Running your own workers

There may arise circumstances in which the common worker processes are not sufficiently fast for your work. This is probably a sign that the entire pipeline requires more compute resources, but in the short term, it is possible to run a set of works yourself, which provides the option to prioritise your own data.

Requirements

By default, you do not have the database permissions necessary to run your own workers. Contact Simon to request them. You will be provided with a specialised user account that can be used to run your own workers.

It is important that your workers are running the latest copy of the code, and that their python environment meets the version requirements, as those factors are critical to maintaining the integrity of the data.

You must clone the dj-elphys repository to recieve a local copy of the code, and keep your copy synchronised with the primary repository.

At the root of the repository you should create a datajoint config file dj_local_conf.json, containing the details outlined in Getting Started with Datajoint (Python). A template can be created from your saved configuration with:

import datajoint as dj
dj.config.save("/path/to/my/file")

This template will need to be updated with the specialised user account/password noted above.

You must initialise a fresh Python environment from the requirements.txt file in that repository, the easiest way to do that is to install the pipeline as a python package

[base] $ conda create -n my-workers python=3.8
[base] $ conda activate my-workers
[my-workers] $ cd /path/to/ephys/repository
[my-workers] $ pip install .

Running a local worker

The workers, by default, execute the various scripts stored in ephys/populate, but if running your own workers, you probably want to modify these scripts in order to prioritise your own data.

The workers all take the form of Python scripts running commands that look like this:

acquisition.Recording.populate(**settings)

Here, settings is a dictionary specifying various keyword arguments. You may adjust them as you wish, but it is strongly recommended to keep suppress_errors=True and reserve_jobs=True.

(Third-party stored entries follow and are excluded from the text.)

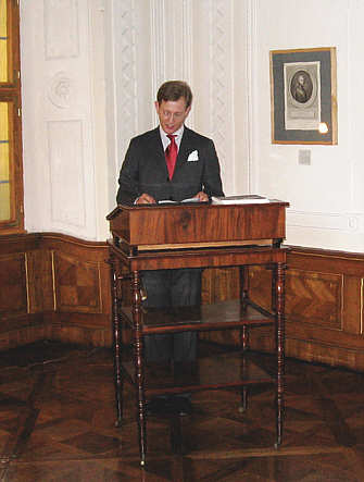 Bernhard Prinz von Baden bei der Eröffnung der Ausstellung im Prinzenbau des Schlosses Salem, 27.8.06
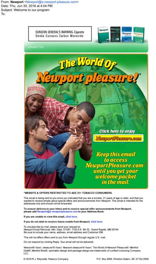 Newport email welcoming a new customer to the brand website in June 2016. The recipient is asked to use the email link to access the site until a welcome packet arrives in the mail.
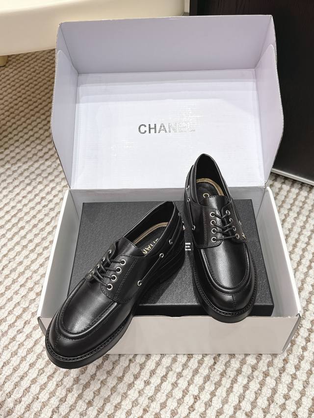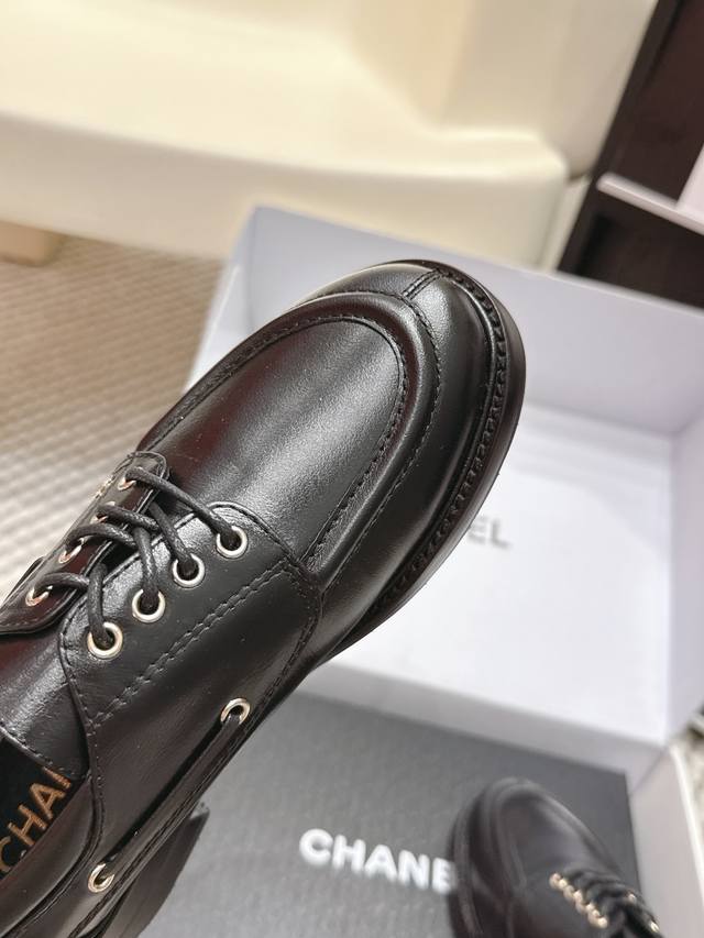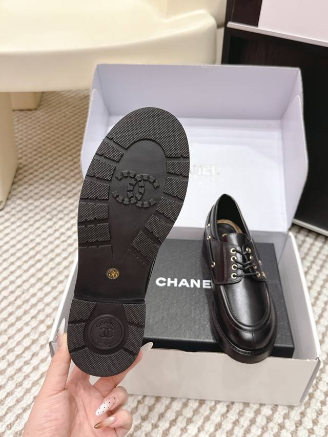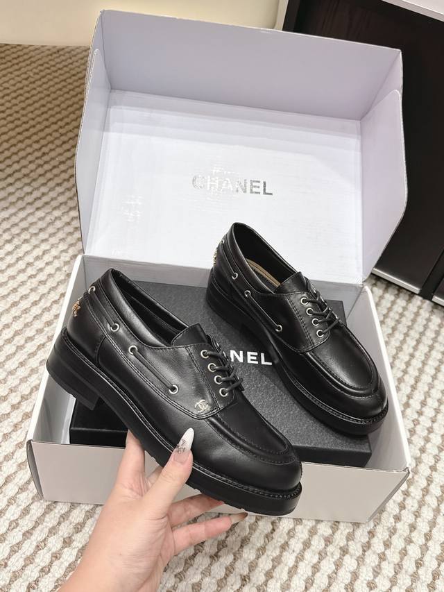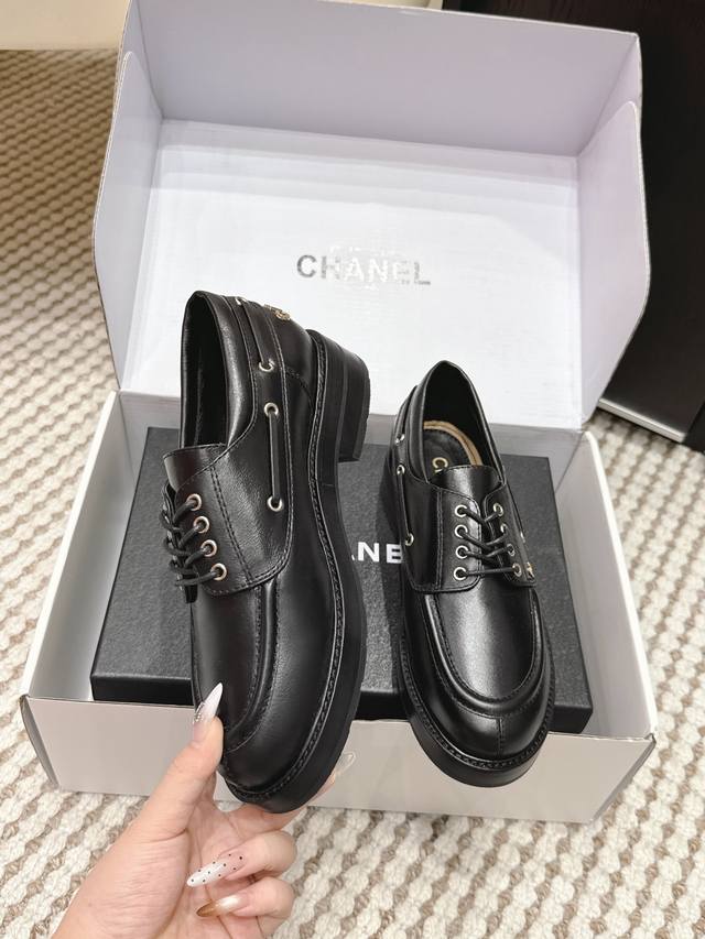 代购级 Ddd Chanel 26S 春夏新款 复古风绑带乐福鞋 DDD 走“复古学院+轻奢酷感”路线,保留乐福鞋的经典版型,既有学院风的减龄感,又带奢侈品的精致酷感。鞋面用光面小牛皮 漆皮,质感高级且易打理;鞋底是厚底松糕设计,边缘还有撞色缝线,细节感拉满。 DDD 圆头+低帮设计,包裹性好且不压脚,厚底缓冲性强,日常通勤、逛街都能穿;配色都是百搭款,适配西装、牛仔裤、百褶裙等多种风格。属于“轻熟学院风”,兼顾了少女感和轻熟气质。 DDD 鞋面:牛皮 Ddd 内里:羊皮 Ddd 大底:Tpu组合大底 D

  • If suppress_errors=False (default), then the populate command will stop working as soon as it reaches an error. Setting it to True will instead log the error in the jobs table, and then proceed to the next data

  • If reserve_jobs=False (default), then other workers will not know what jobs are currently being processed. This is not a problem, per se, but it reduces the efficiency of parallel workers, as they will end up wasting effort by repeating work that is already in progress.

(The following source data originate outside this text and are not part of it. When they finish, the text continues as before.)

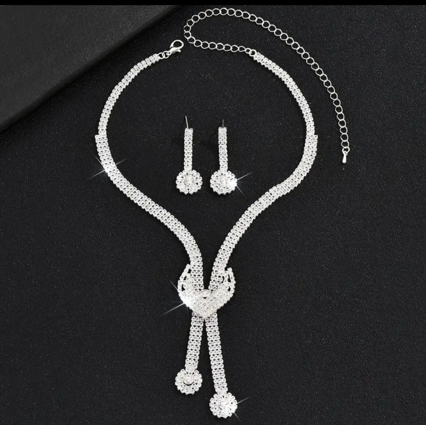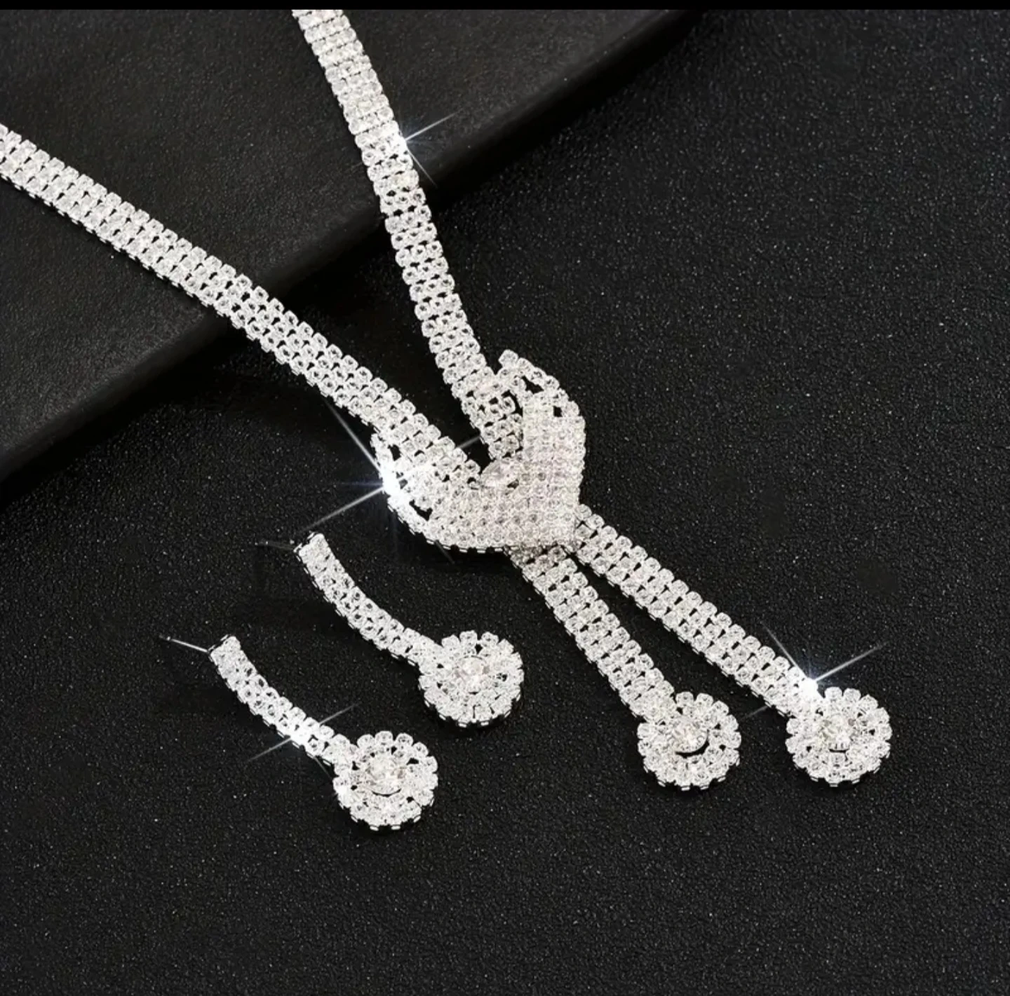 Selling a beautiful rhinestone necklace and earring set! The necklace has a lovely design with matching earrings. Perfect for adding a touch of sparkle to any outfit
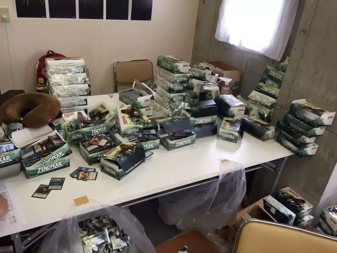 例如再战赞迪卡这个系列的宝藏卡(学名远探),就由于非常乐观的预期让我和我朋友特地跑到日本撕了——十箱。是的你没看错,十箱,一箱6盒,一盒36包,两三万张牌。
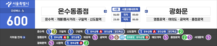 서울특별시 간선버스 서울교통네트웍 600번 (온수동종점.오류동삼거리 ↔ 공덕역.충정로역.광화문)
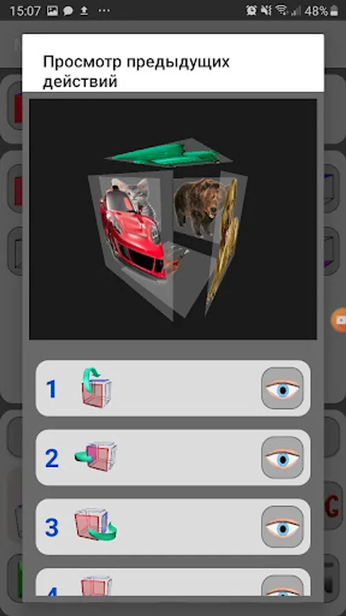If you get confused or confused, at any time you can return the cube to the screen and check the real arrangement of the faces. It is also possible to view the history of all actions with the cube, in order to better understand how we arrived at the current result and where we could get lost
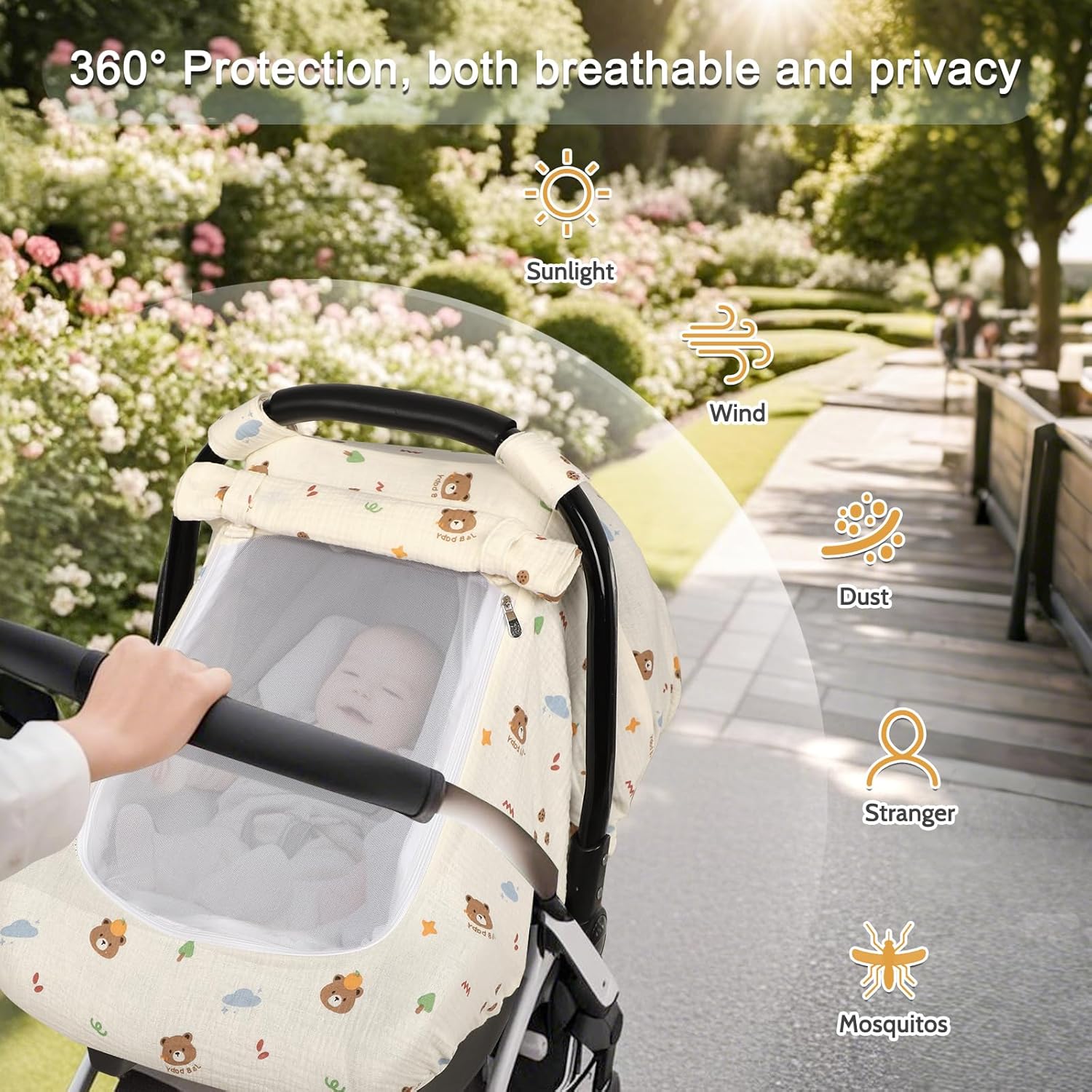 - 3 Versatile Modes for Every Need: Switch effortlessly between mesh window mode (UV protection & visibility), fully enclosed mode (windproof & private), and open-air mode (max breathable)–a must-have baby car seat cover for travel gear

  • if display_progress=False, (default) then you will not see any activity in the Python prompt, it will simply be busy. You may display what is going on with display_progress=True, which will give a progress bar.

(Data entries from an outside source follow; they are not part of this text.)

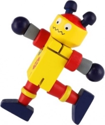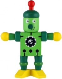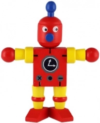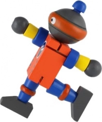 Roztomilý drevený robot s veľkosťou 12 cm poteší každého malého objaviteľa. Vďaka pružným gumičkám má pohyblivé končatiny aj hlavu, takže ho deti ľahko posadia, postavia či rôzne naaranžujú. Hračka podporuje jemnú motoriku, kreativitu a fantáziu. Vhodné od 18 mesiacov.
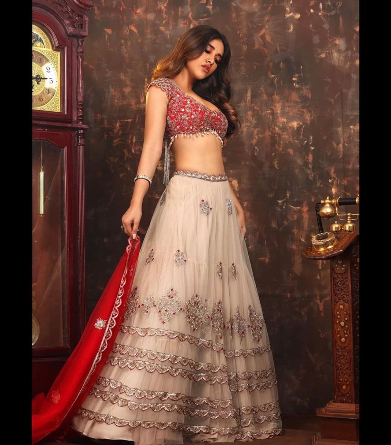 ఆ మధ్యన సోషల్ మీడియాలో సైలెంట్ గా ఉన్న నభా నటేష్ తిరిగి ఇంటెన్సిటీ పెంచింది. తాజాగా నభా నటేష్ షేర్ చేసిన ఫోటోలు చూస్తే కుర్ర హృదయాలు చెల్లాచెదురు కావలసిందే. మైండ్ బ్లోయింగ్ లెహంగాలో నభా వయ్యారాలు ఒలకబోస్తున్న విధానం కుర్రకారుని గిలిగింతలు పెడుతోంది.
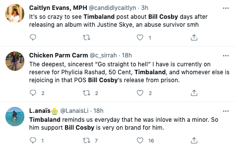 Timbaland to his Bill Cosby IG post pic.twitter.com/KEQgXYrzYq
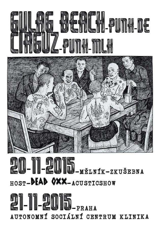 Gulag Beach, jsou z Berlína, ted jim vyšla nahrávka Favela Blues - 6 songů na LP v několika barevných variantách, k poslechu zde - http://gulagbeach.bandcamp.com/album/favela-blues + Cirguz (punkrock Mělník)
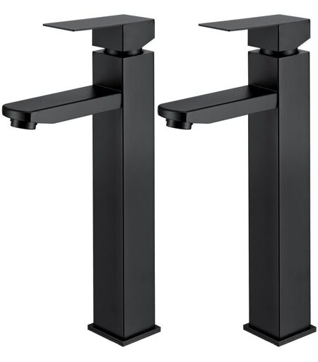 HOMELODY - 2X Rubinetto per bagno nero, miscelatore per lavabo alto con maniglia quadrata, rubinetto lavamani rimovibile, miscelatore per acqua calda
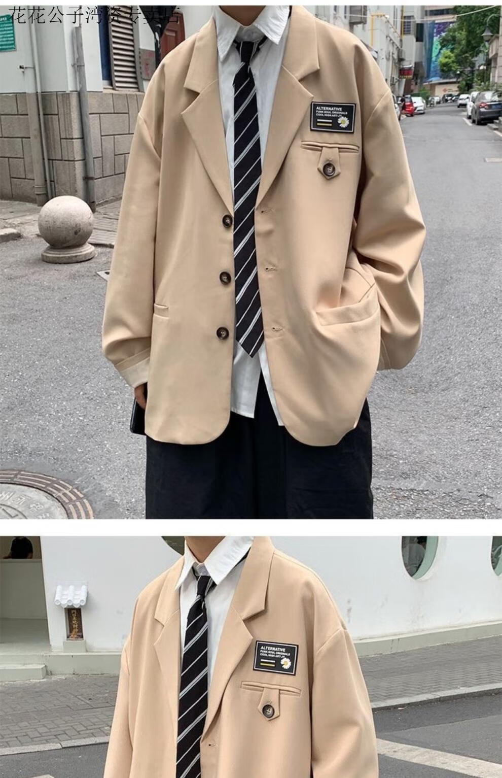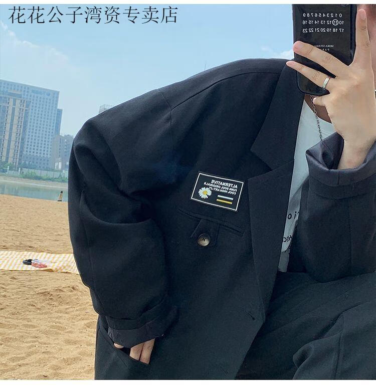 Playboy (PLAYBOY) DK uniform suit suit men's college style loose student handsome suit shirt trousers three-piece set spring and autumn four-piece suit black suit + shirt + trousers + M
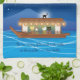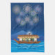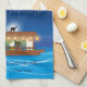 Cats Delighting in Fireworks Aboard a Houseboat Kitchen Towel
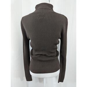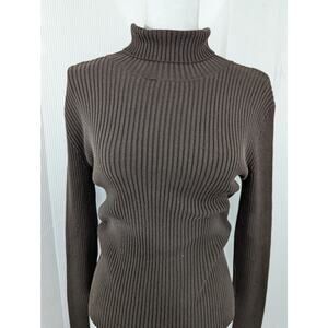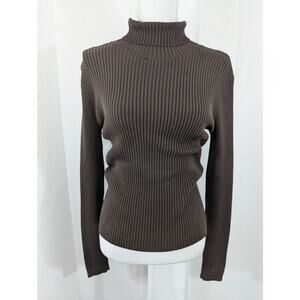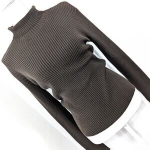 CHICO'S! SILK & COTTON! CHOCOLATE BROWN RIBBED TURTLENECK SWEATER! SZ S
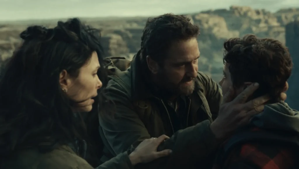 O problema de dar um título genérico e definitivo costuma ser bastante perigoso quando o filme em questão ganha uma continuação. É o caso deste Destruição Final 2. No original ele se chama Greenland, em bom português, Groenlândia. O que tem relação direta com a história que nos foi contada em 2020. Agora, cinco anos depois, encontramos novamente a família Garrity: John (Gerard Butler), Allison (Morena Baccarin) e o filho Nathan (Roman Griffin Davis). Após o ocorrido no primeiro filme vemos os três em uma situação delicada em que precisam chegar a uma cratera gigante na França, onde poderão retomar uma vida próxima do normal. Dirigido novamente por Ric Roman Waugh, a partir de um roteiro escrito por Chris Sparling e Mitchell LaFortune, temos aqui uma aventura apocalíptica cheia de perigos, e, na mesma medida, repleta de facilitadores narrativos que acabam por eliminar o senso de perigo e urgência que o filme anterior tinha. Este é o maior pecado que histórias assim podem ter. E Destruição Final 2 segue à risca a cartilha desses erros sem esforço algum.

You can limit what data the worker will process by passing a restriction, or set of restrictions, to the function. That restriction will then be applied to the table’s key source, to determine which jobs the worker is to work on. For example, you might restrict by the animal_id:

acquisition.Recording.populate({"animal_id":"180c96239a3f40e7"}, **settings)

Because of the way Python evaluates these arguments, there are a few limitations that apply to restrictions given this way: in particular, the “&” operator may not be used in this context. However, multiple “or” restrictions may be given as usual, i.e as a list of restrictions:

acquisition.Recording.populate([{"animal_id":"180c96239a3f40e7"}, {"animal_id":"381970b6b65ad10d"}], **settings

The very simplest way to run populate functions yourself is to import the pipeline code into a Python terminal and run the populate scripts directly

[base] $ conda activate my-workers
[my-workers] $ python
>>> from ephys import acquisition
>>> acquisition.Recording.populate({"animal_id":"180c96239a3f40e7"}, display_progress=True, suppress_errors=True, reserve_jobs=True)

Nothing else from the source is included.